First she contends that covering everyone with the same plan could make them worse off because people have different needs and preferences. But that partially defeats the purpose of insurance which is to spread the risk amongst everyone (though we would add "equitably distributed"). We certainly cannot predict unknown risks in the future, and selectively covering pre-existing disorders also fails to spread the risk. Everyone should be covered for all reasonable services.
She states that the sharp increase in the costs of having a uniform public insurance benefit is due to the dramatic advances in health care, but that is not a unique feature of having a universal program. Everyone should be able to benefit from these advances, and an equitably-funded, universal risk pool makes that possible. Besides much of the increase in costs is due to price increases, and they are better contained in a public system.
She states that the substantial growth in income inequality might influence the willingness to devote resources to expensive care, suggesting that decisions would be based on the ability to pay. But a single payer system would obviate the need for such a two-tiered or multi-tiered system.
She states that higher tax rates would be needed because of the increased economic cost of raising funds to cover a public insurance program, but she doesn't mention here the offset of a reduction in private spending. Besides, financing the system though progressive taxes is what makes the financing equitable.

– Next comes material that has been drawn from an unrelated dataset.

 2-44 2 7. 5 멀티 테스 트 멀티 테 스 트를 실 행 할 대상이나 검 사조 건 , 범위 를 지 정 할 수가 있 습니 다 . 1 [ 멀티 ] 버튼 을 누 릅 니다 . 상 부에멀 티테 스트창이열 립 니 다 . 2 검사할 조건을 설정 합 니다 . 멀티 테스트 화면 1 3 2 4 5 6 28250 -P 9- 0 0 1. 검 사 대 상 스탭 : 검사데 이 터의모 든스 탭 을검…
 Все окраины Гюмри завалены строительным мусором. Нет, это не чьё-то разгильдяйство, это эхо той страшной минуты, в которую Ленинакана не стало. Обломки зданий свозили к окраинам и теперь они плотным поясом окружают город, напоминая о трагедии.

She stretches logic when she says that the wealthy might be worse off if the benefits are too limited, while lower-income people might be worse off if comprehensive benefits result in fewer resources that could be devoted elsewhere. But all reasonable health care services would be covered, and the wealthy would be free to purchase whatever services are not included in the comprehensive benefit package. She suggests an alternative of establishing a basic public health plan for all with additional social insurance programs for those with low incomes and privately purchased wraparound plans for the wealthier, but this abandons the concept of single payer Medicare for All while perpetuating many of the deficiencies of the current system. (In my early novice years in health policy, I wrote a proposal for a basic public health plan with options to purchase additional coverage. Fortunately, Claudia Fegan was able to set me straight, and I got to work studying health policy, which I have continued to this day.)

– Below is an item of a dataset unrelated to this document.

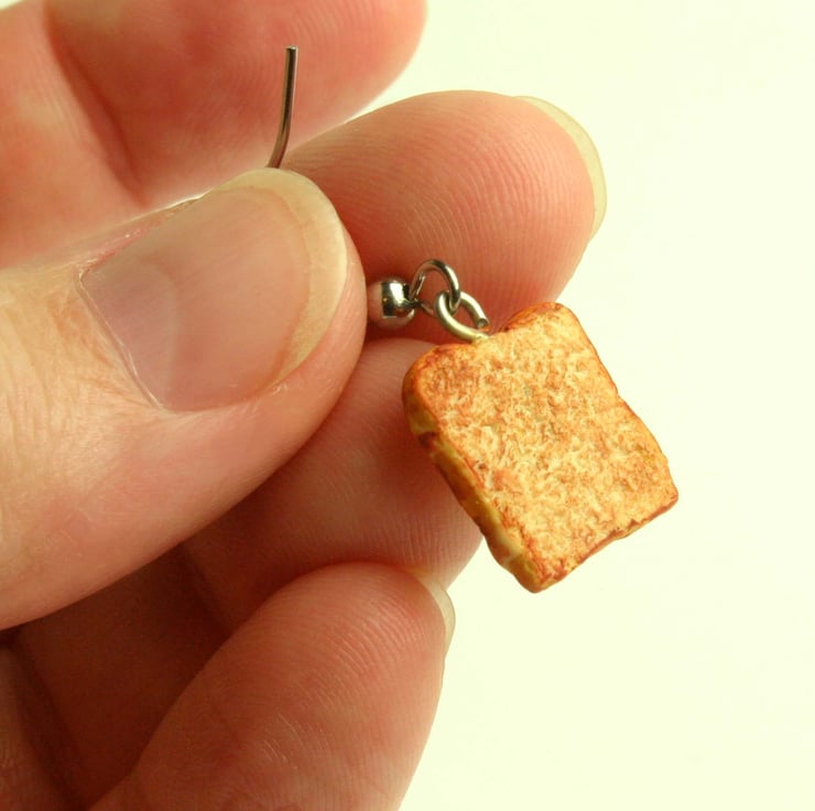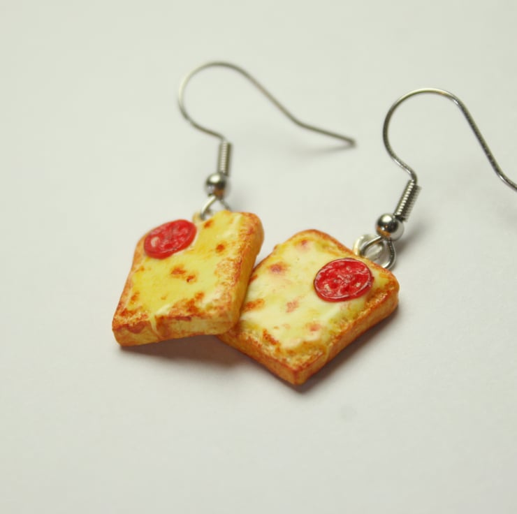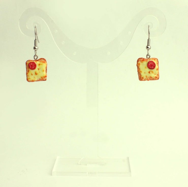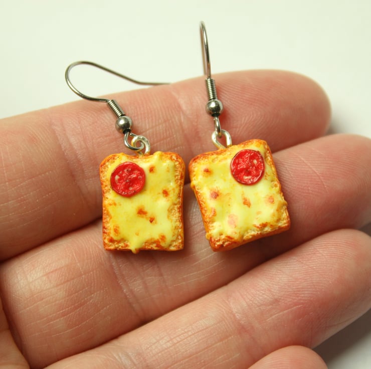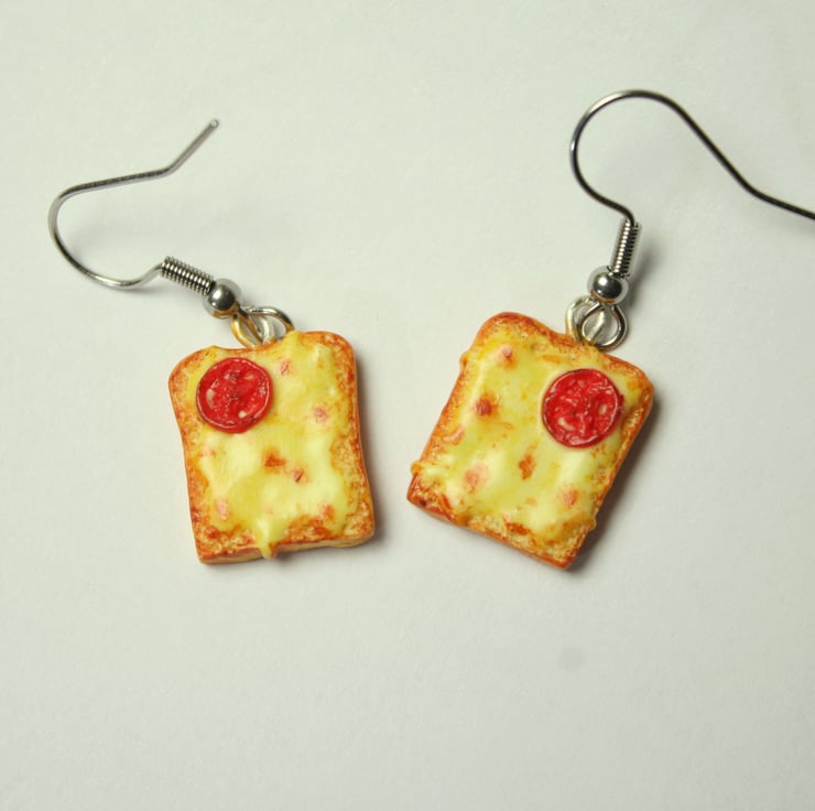 These tasty little morsels are individually crafted from polymer clay and carefully hand painted and varnished, with a slice of clay tomato on each to add a dash of colour. The ear wires they hang on are hypo allergenic surgical steel and they come ready to gift in a smart black box.

She says that the hope of reducing costs while expanding coverage cuts across the political aisle, but there is a sharp divide in faith in whether the government or the private sector is best able to effectively provide that care. It is surprising to note the number of policy academics who are driven by faith in markets when the objective literature paints a clear advantage for government programs. Think of how many private insurance programs rely on public funds yet manage to divert significant amounts of these funds to their own industry. Sounds like greed-driven faith.
Confirming her belief in private markets versus the government, she touts competition of health plans, when what we need instead is cooperation within the health care delivery system. Single payer Medicare for All would promote the latter.
It is interesting that she closes by stating, "None of this is meant to say that the current system is serving the US population well now" and calls for "implementing a fiscally sustainable, high-value public insurance safety net." Well, single payer Medicare for All would do that for everyone in a comprehensive system that we could afford as individuals and as a nation.